RWR Genes Respond to Biological Elicitors
Various biological compounds are known to elicit stress-signaling networks. Due to the overlap between RWR genes and biotic stresses we tested whether the RWR genes ERF#018 and CAF1-like respond to the biological elicitors OGA and insect regurgitant (IR) as well as cabbage looper (Trichoplusia ni) feeding. We first tested whether PERF18:LUC or PCAF1-like:LUC activity was induced by cabbage looper feeding. Indeed, cabbage looper feeding did result in enhanced luciferase activity, which verified that biological stress does induce ERF#018 and CAF1-like (Videos S1 and S2). We therefore proceeded to test induction resulting from OGA and IR treatment. When OGA, IR, or H2O were added to a nonwounded (NW) leaf, no induction of PERF18:LUC or PCAF1-like:LUC activity was observed (Figure 6A–6F). The lack of induction is likely due to the application method we used (single droplet per plant) rather than an actual lack of response to the elicitors. When transcript profiling was performed on liquid cultured 10-d-old plants incubated with 50 μg ml−1 OGAs, CAF1-like was shown to be induced 1 h after addition of OGA to the media .
One leaf per plant was either NW or wounded (W) and then treated with oligouronides (OGA), IR, or double-distilled H2O.
(A) Image of an individual PERF18:LUC #3 transgenic plant over time.
(B) Local expression in the treated leaves of PERF18:LUC #3 transgenic plants. Data are means of n = 9 ± SEM.
(C) Systemic expression of PERF18:LUC #3 plants monitored in the shoot apex. Data are means of n = 9 ± SEM.
(D) Image of an individual PCAF1L:LUC #2 transgenic plant over time.
(E) Local expression in the treated leaves of PCAF1L:LUC #2 transgenic plants. Data are means of n = 12 ± SEM.
(F) Systemic expression of PCAF1L:LUC #2 plants monitored in the shoot apex. Data are means of n = 12 ± SEM.

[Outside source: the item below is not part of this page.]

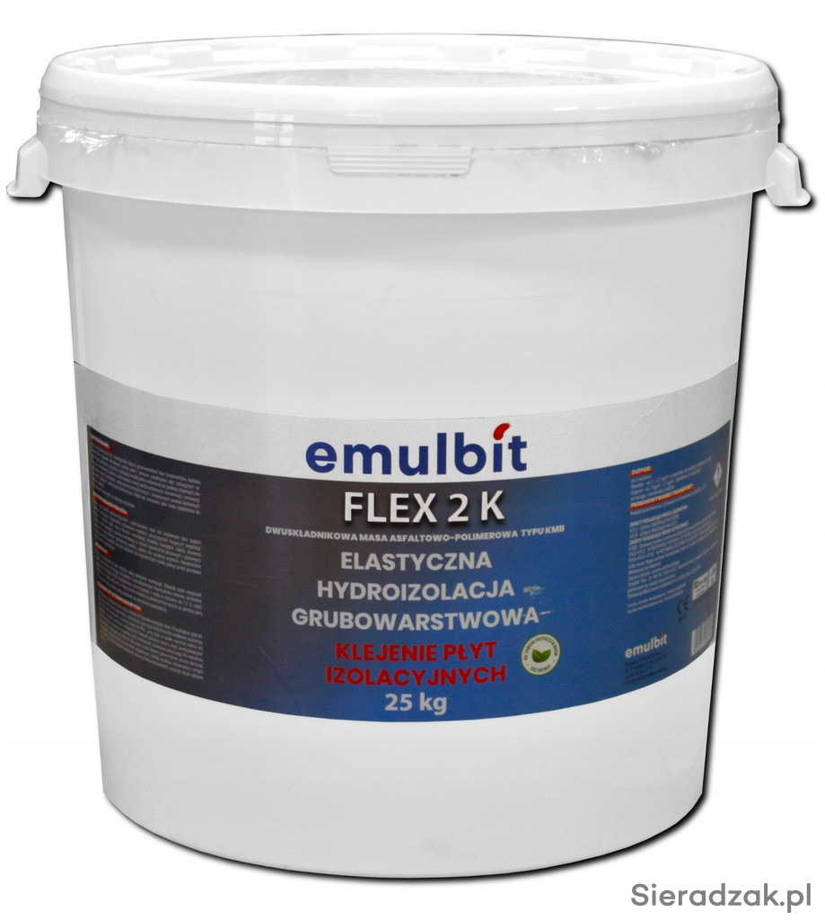 Bezrozpuszczalnikowa grubowarstwowa hydroizolacja przeciwwodna typu KMB. Dzięki wysokiej zawartości suchej masy oraz składnikowi utwardzającemu tworzy mocną i szczelną powłokę zabezpieczają przed ciśnieniem wody napierającej. Emulbit Flex 2 K służy do zabezpieczenia przed wodą podziemnych części budynków.
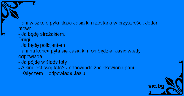 Pani w szkole pyta klasę Jasia kim zostaną w przyszłości. Jeden mówi:

In PERF18:LUC-expressing plants, addition of OGA and IR to the wound site resulted in a significantly greater (p < 0.05) induction of luciferase activity than addition of H2O in both local and systemic tissue (Figure 6B and 6C, respectively). In contrast, addition of OGA or IR to the wound site did not result in a significant difference (p > 0.05) in PCAF1-like:LUC activity compared to addition of H2O to the wound site in local tissue (Figure 6E). However, a significantly greater induction, compared to H2O, in PCAF1-like:LUC activity resulted from addition of OGA or IR to the wound site in systemic tissue (Figure 6F).
There are a number of common second messengers downstream of mechanical wounding, cabbage looper feeding, and OGA treatment that may signal for the observed induction of RWR genes. One such secondary messenger is Ca2+, which increases in intracellular concentration rapidly following wounding as well as OGA treatment [3,16,62,63]. ROS are another secondary messenger that have been shown to increase in response to chewing insects, wounding, and OGA treatment [3,12]. Furthermore, while OGAs do not move systemically, ROS do accumulate systemically following wounding. This increase in ROS is likely through OGAs released by systemically induced polygalacturonase [14,16,64–66]. Finally, OGA, chewing insects, and wounding may all have a common mechanism of perception resulting in similarly induced secondary messengers. Both chewing insects and wounding have a physical effect on the plasma membrane. The perception of OGA has also been hypothesized to be a result of its physical effect on the plasma membrane, rather than through an actual receptor [3,67].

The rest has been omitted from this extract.